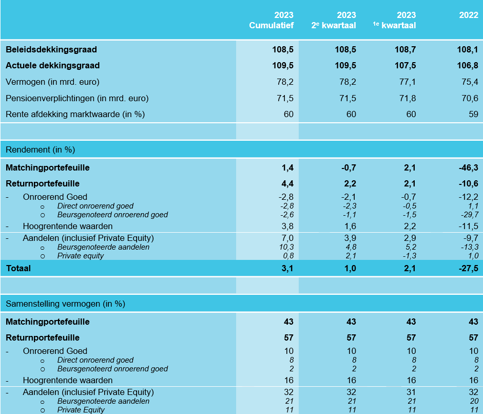 - Beleggingsrendement tweede kwartaal 2023: 1,0%
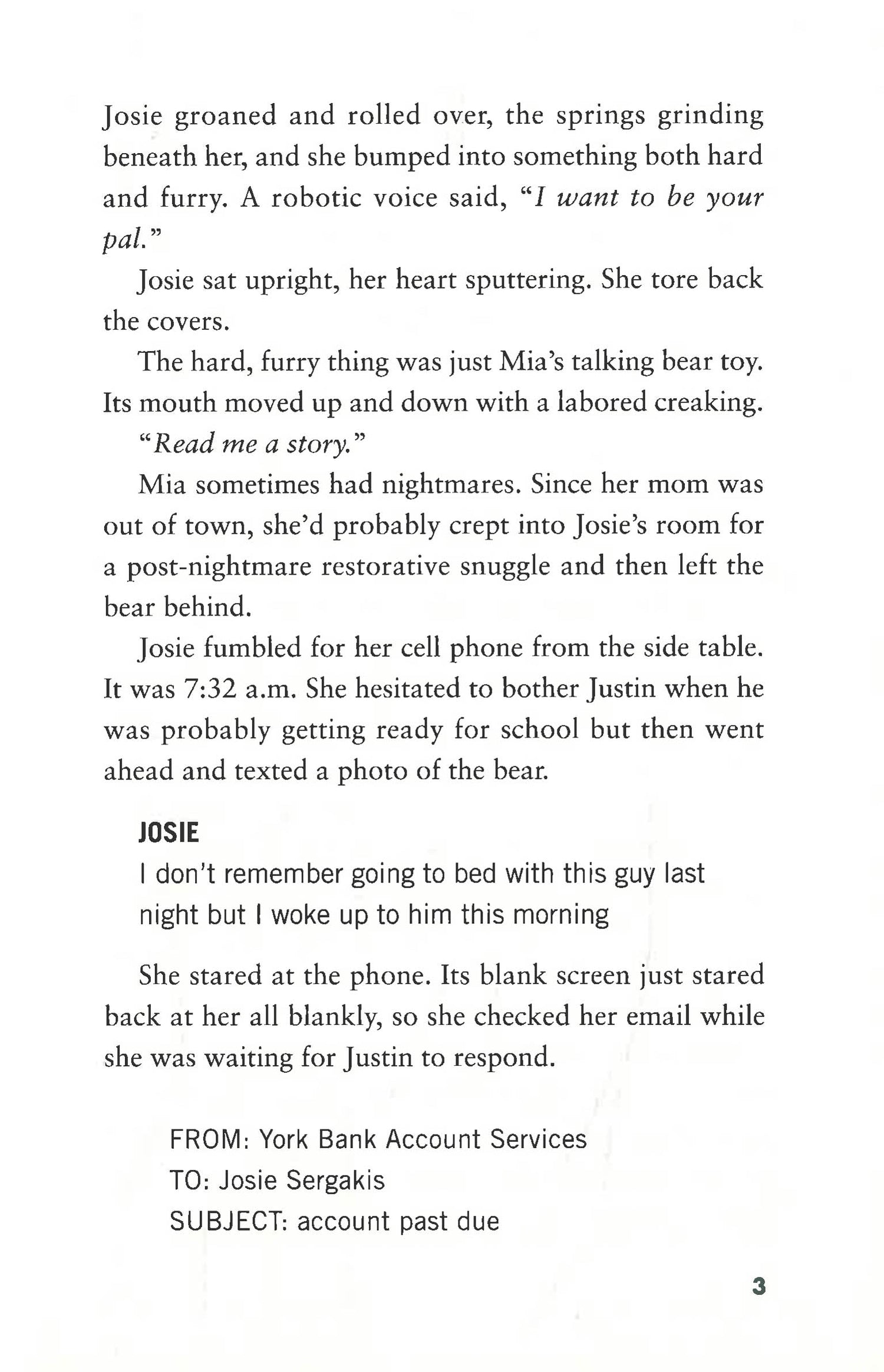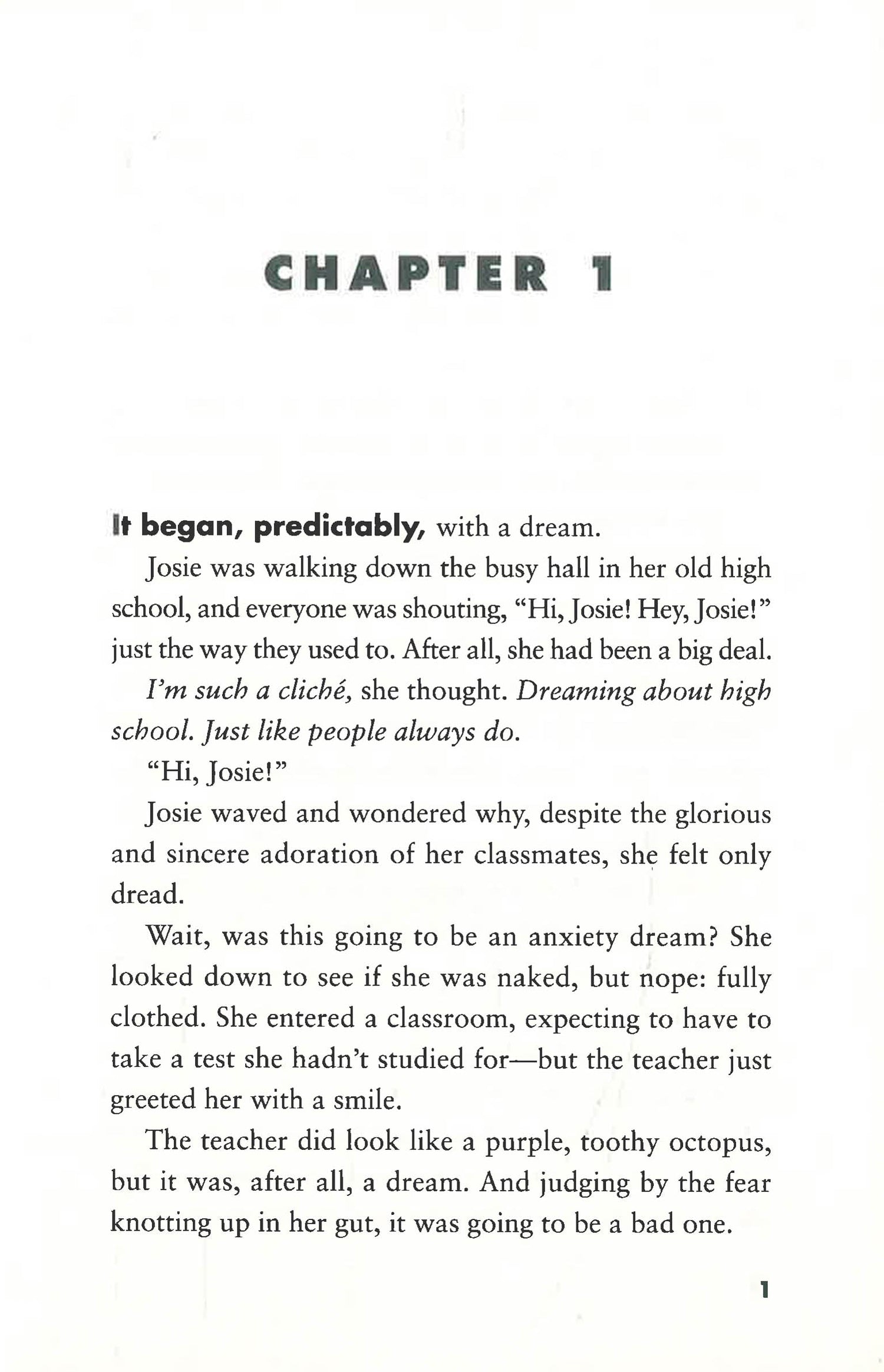 Josie Pie was born to be a star. So she dropped out of high school to pursue her Broadway dreams, but after months of failed auditions, she finds herself broke, beaten-down . . . and nannying in Missoula, Montana. Lonely and directionless, Josie checks out the local bookstore, looking for the ultimate escape. And escape she does. Literally. She falls into the plots of her books, including a bodice ripper, a dystopian thriller, a YA romance, and more, all filled with swoony co-stars who just make her yearn to repair things with the boyfriend she left behind in NYC. As her reality begins to unravel, what starts as a welcome break from her lackluster life soon begins to feel like a stifling nightmare - but is it too late for Josie to get back to the real world?
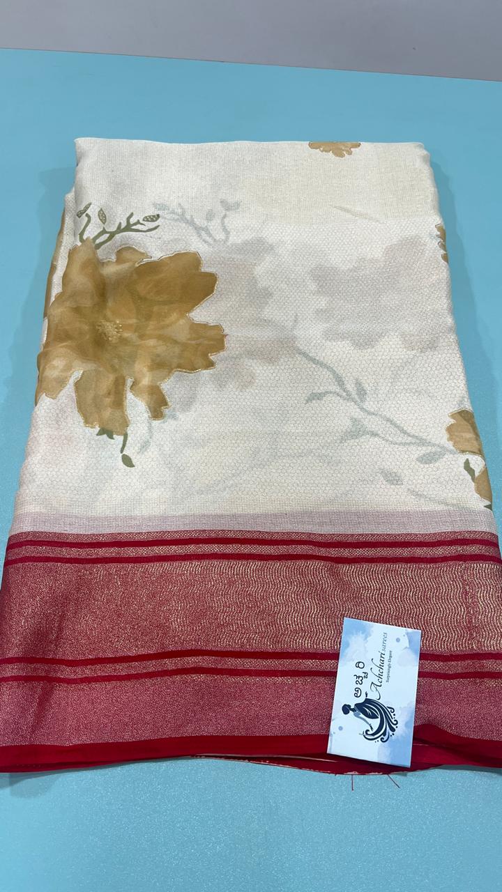 Designer chiffon saree with applique work
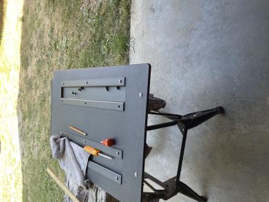 1x1 1/8 angle iron, cut to about 28” pretty close to the bottom channel and to not interfere with the upper locking nut and not scrape on the gel coat
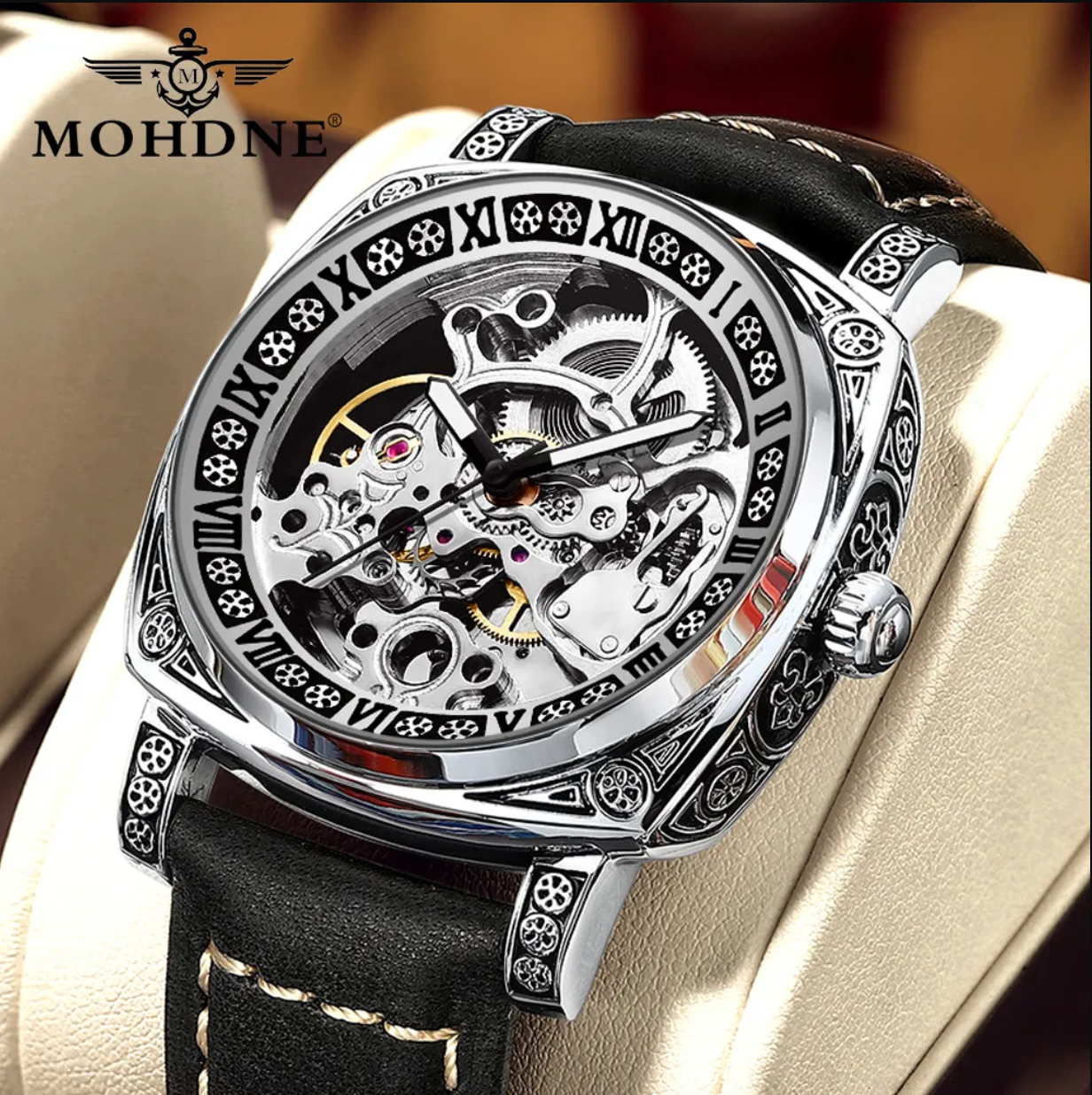 - Montre-bracelet pour hommes Royal Classic, cadran romain, montre-bracelet squelette automatique.
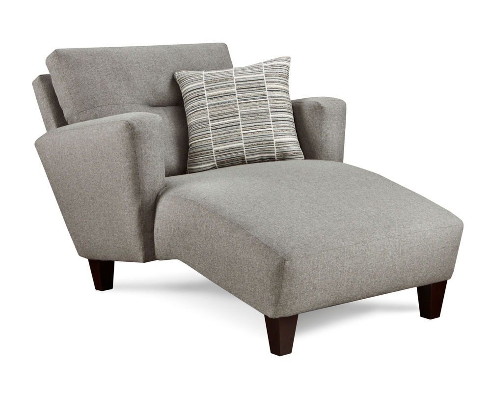 The TNT Charcoal Chaise is a mid-century modern lounging chair with a tufting to the inside back pillow and a unique sloped track arm down to the coffee finish tapered wood legs. The inside back pillows and box border seat cushion is bent at the knees to sit ergonomically correct and comfortable. This slightly smaller scaled sofa is curvaceous and great looking as a stand-alone piece or with our TNT Charcoal sofa group.
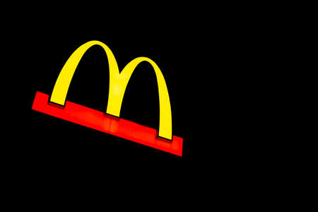 McDonalds restauraunt sign on the black background. McDonalds sell fast food such as hamburgers, french fries and drinks. A famous fast food restaurant in the world.
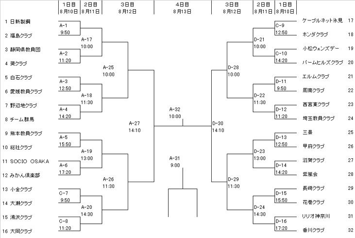 会 場 A:富谷スポーツセンター C:県立宮城大学体育館 D:フラップ大郷21
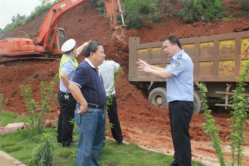 4月14日上午,藤县安监局局长叶梧、县公安局党委副书记、纪委书记甘家科、县安监局副局长陈泽雄在交管大队副大队长欧文海等陪同下,到塘步镇古祀路口塌方路段现场指导清理路面土方及安全监督工作。
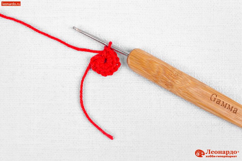 1. Набираем 2 воздушные петли. В первую воздушную петлю провязываем 10 столбиков без накида (далее СБН). Стягиваем отверстие.
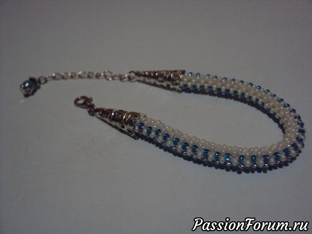 Вот такой комплект у меня получился по схеме " голубой на 5 бис" из группы в контакте. Жгут из чешского бисера , фурнитура под серебро. нитки ирис. Длина с бусинами 135 см толщина 0,07 мм.
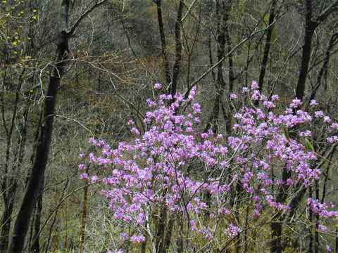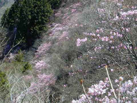 頂上は崖で、おそるおそる眺めると、八潮つつじが見事に咲き乱れていた。

• [Aim of the exercise]: Restate the material above word for word; pictures do not belong in the copy.

• [Exercise response]:
 - Beleggingsrendement tweede kwartaal 2023: 1,0%
 Josie Pie was born to be a star. So she dropped out of high school to pursue her Broadway dreams, but after months of failed auditions, she finds herself broke, beaten-down . . . and nannying in Missoula, Montana. Lonely and directionless, Josie checks out the local bookstore, looking for the ultimate escape. And escape she does. Literally. She falls into the plots of her books, including a bodice ripper, a dystopian thriller, a YA romance, and more, all filled with swoony co-stars who just make her yearn to repair things with the boyfriend she left behind in NYC. As her reality begins to unravel, what starts as a welcome break from her lackluster life soon begins to feel like a stifling nightmare - but is it too late for Josie to get back to the real world?
 Designer chiffon saree with applique work
 1x1 1/8 angle iron, cut to about 28” pretty close to the bottom channel and to not interfere with the upper locking nut and not scrape on the gel coat
 - Montre-bracelet pour hommes Royal Classic, cadran romain, montre-bracelet squelette automatique.
 The TNT Charcoal Chaise is a mid-century modern lounging chair with a tufting to the inside back pillow and a unique sloped track arm down to the coffee finish tapered wood legs. The inside back pillows and box border seat cushion is bent at the knees to sit ergonomically correct and comfortable. This slightly smaller scaled sofa is curvaceous and great looking as a stand-alone piece or with our TNT Charcoal sofa group.
 McDonalds restauraunt sign on the black background. McDonalds sell fast food such as hamburgers, french fries and drinks. A famous fast food restaurant in the world.
 会 場 A:富谷スポーツセンター C:県立宮城大学体育館 D:フラップ大郷21
 4月14日上午,藤县安监局局长叶梧、县公安局党委副书记、纪委书记甘家科、县安监局副局长陈泽雄在交管大队副大队长欧文海等陪同下,到塘步镇古祀路口塌方路段现场指导清理路面土方及安全监督工作。
 1. Набираем 2 воздушные петли. В первую воздушную петлю провязываем 10 столбиков без накида (далее СБН). Стягиваем отверстие.
 Вот такой комплект у меня получился по схеме " голубой на 5 бис" из группы в контакте. Жгут из чешского бисера , фурнитура под серебро. нитки ирис. Длина с бусинами 135 см толщина 0,07 мм.
 頂上は崖で、おそるおそる眺めると、八潮つつじが見事に咲き乱れていた。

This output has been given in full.